Frank Viola was part of the all-Metrodome team that was honored Sunday. He stuck around to visit friends and take in Tuesday's tiebreaker game between the Twins and the Detroit Tigers.

Around 9:25 p.m., the champagne spraying had stopped in the home clubhouse and the athletes were starting to contemplate showers and civilian clothes and getting on the buses for the charter flight to New York.

Manager Ron Gardenhire had disappeared to talk with Jim Leyland, his Detroit counterpart, and now he was back in his clubhouse office. He couldn't get through more than one sentence before he would again shake his head in wonderment over a 6-5 victory that required 12 innings, 4 hours, 37 minutes and two more comebacks for a team that had spent the past month coming back from a seven-game deficit.

Viola stuck his long neck into the manager's room and said: "Gardy, I've seen crazy stuff in baseball all my life, but never this crazy. That was the all-timer."

The manager gave a thumbs-up and the Twins' former Cy Young Award winner said, "Only in Minnesota can a guy [Alexi Casilla] come in as a pinch runner, screw up royally by not tagging up, and wind up driving in the winning run."

Viola and Bert Blyleven were the Big Two -- really, the only two -- on the starting staff for the 1987 Twins, Minnesota's first World Series champions. There was no end to the Domeball dramas that season, and many of those players gathered last weekend to say goodbye to the plastic ballpark and retell the stories.
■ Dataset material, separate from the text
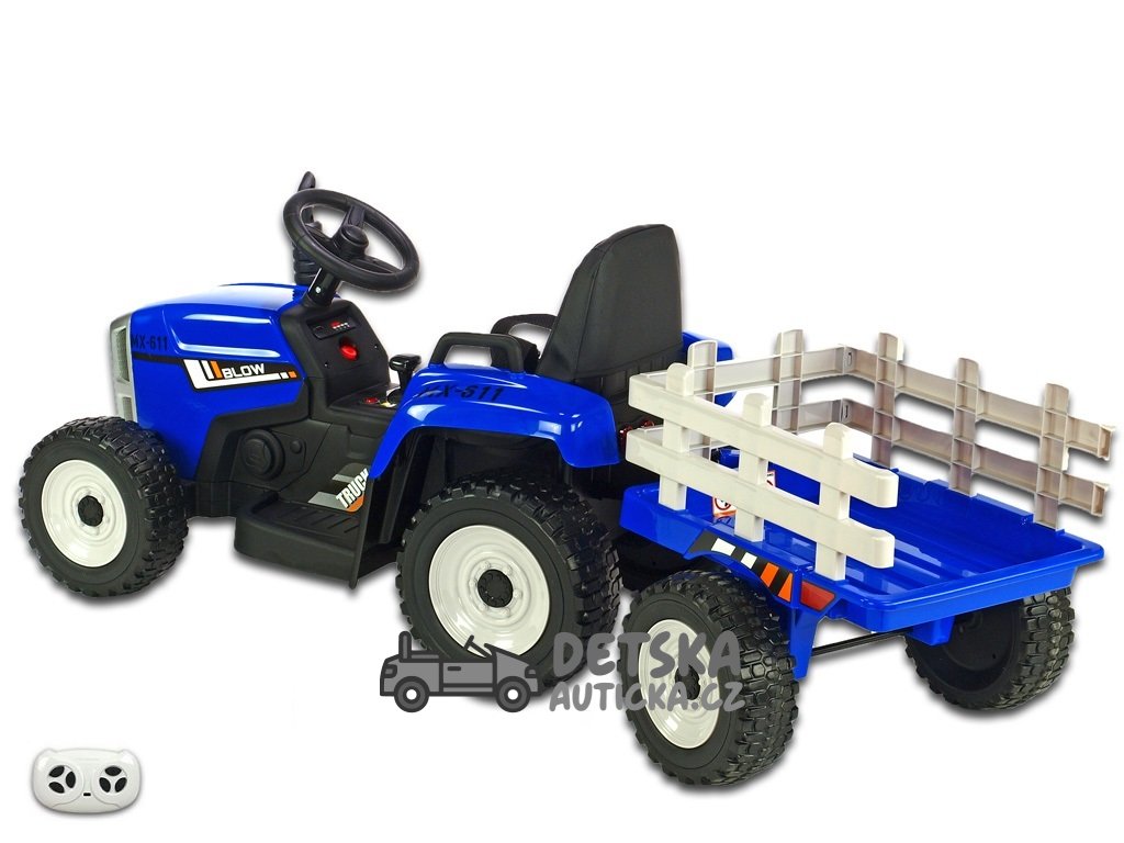 Elektrický Rozkošný traktor s vlekem, 2,4G, modrý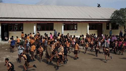 Các học sinh tán loạn trở về nhà sau khi nhận được thông báo ngọn núi lửa hoạt động.

One play the champs always recall was made by second baseman Al Newman in the first inning of the last scheduled home game of '87. A victory over Kansas City would move the Twins to the cusp of the American League West title and allow a pressure-free last week on the road.

The Royals had runners at first and third and no one out in a first-inning threat, and Gary Gaetti fielded a grounder to third. He threw to Newman for the force at second, who then shocked a full house of fans by coming home to cut off the run as well as turn a double play.
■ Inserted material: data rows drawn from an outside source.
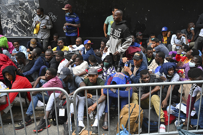 当地时间8月1日,纽约市罗斯福酒店门前再次挤满了寻求庇护的非法移民。而类似景象在如今的美国早已司空见惯。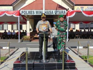 VIRALBERITA.NET – Kapolres Minahasa utara AKBP Jefri Ronald Parulian Siagian, SIK didampingi Pabung Minut Mayor Inf Rich Pusung memimpin apel konsolidasi berakhirnya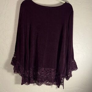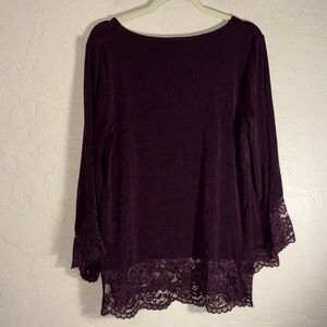 Travelers by Chicos women’s bell sleeves lace trim tunic top. Burgundy, Eggplant purple color. Lots of stretch. Size 2. Approximate measurments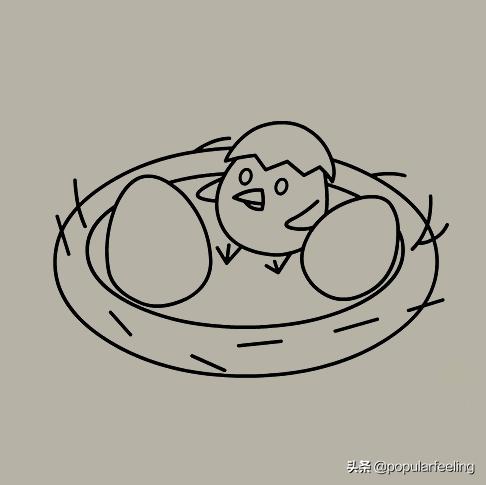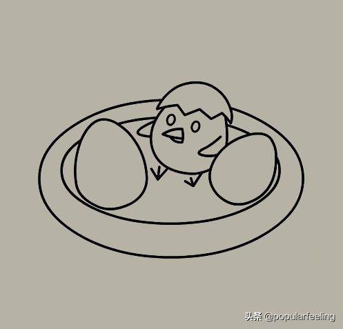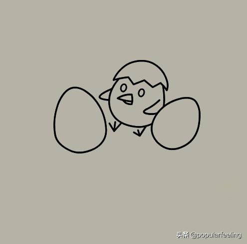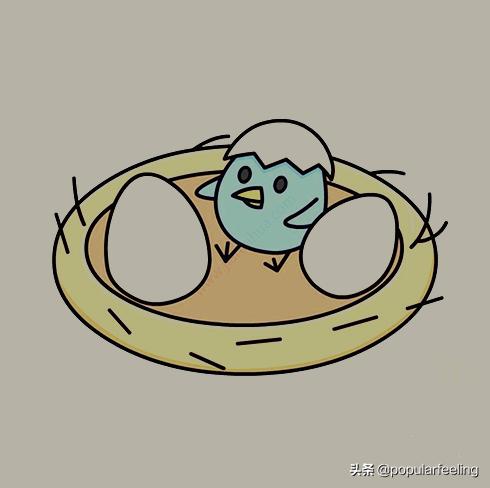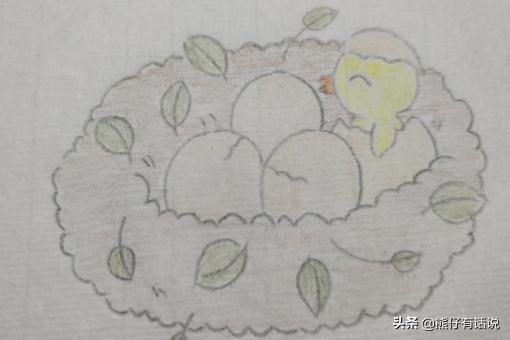 第五步:在半个鸟蛋上边画出一个小鸟,这只小鸟已经出生了。

The Twins escaped the mess, exploded for five runs in the bottom of the first and turned all nine innings into a rousing sendoff for the division-clinching road trip.

On Tuesday, a new generation of Twins fans filled the Dome to its largest regular-season baseball attendance -- 54,088 -- and they saw a Newmie-like play from Nick Punto, the third baseman for the 2006 drive to the AL Central title, and the shortstop for the 2008 drive to an AL Central tiebreaker, and now the second baseman for the 2009 sprint to this tiebreaker.

"People wonder why I play Nick Punto all the time," Gardenhire said. "That's why I play him. Because he's always in the game, always ready to make the right play. That kid -- that play -- won the ballgame for us today."

It was 5-5 and the Tigers had the bases loaded with one out in the 12th against Bobby Keppel, the Twins' eighth pitcher of the game.

Brandon Inge thought his jersey was brushed by a Keppel pitch. Plate umpire Randy Marsh ruled no material had been touched, and there was about a 50-50 chance the vet ump was correct (just as on balls and strikes).

Inge then hit a chopper over the mound and Punto came flying.

"Gardy always wants us to go for the double play, if possible," Punto said. "I didn't feel like that was a cinch, so I went for the lead runner."

Uh, Nick ... that was no cinch, either.

"I didn't know for sure, but if the throw was on line, we had him [Miguel Cabrera], I thought," Punto said.

The advantage was the play at the plate was a force. Punto's on-the-run throw was accurate but low. Catcher Joe Mauer snared it cleanly and Cabrera was out by a fraction.

Keppel battled with Gerald Laird, and finally struck him out -- the last failure in a long day of missed chances for the Tigers. Then, the lost lads of the Twins' late drive to this tie- breaker, Carlos Gomez and Casilla, combined for the winning run and the Metrodome was a madhouse.

"Only in Minnesota!" Frankie Viola would later holler toward Gardenhire, and that was surely sweet music to the manager's ears.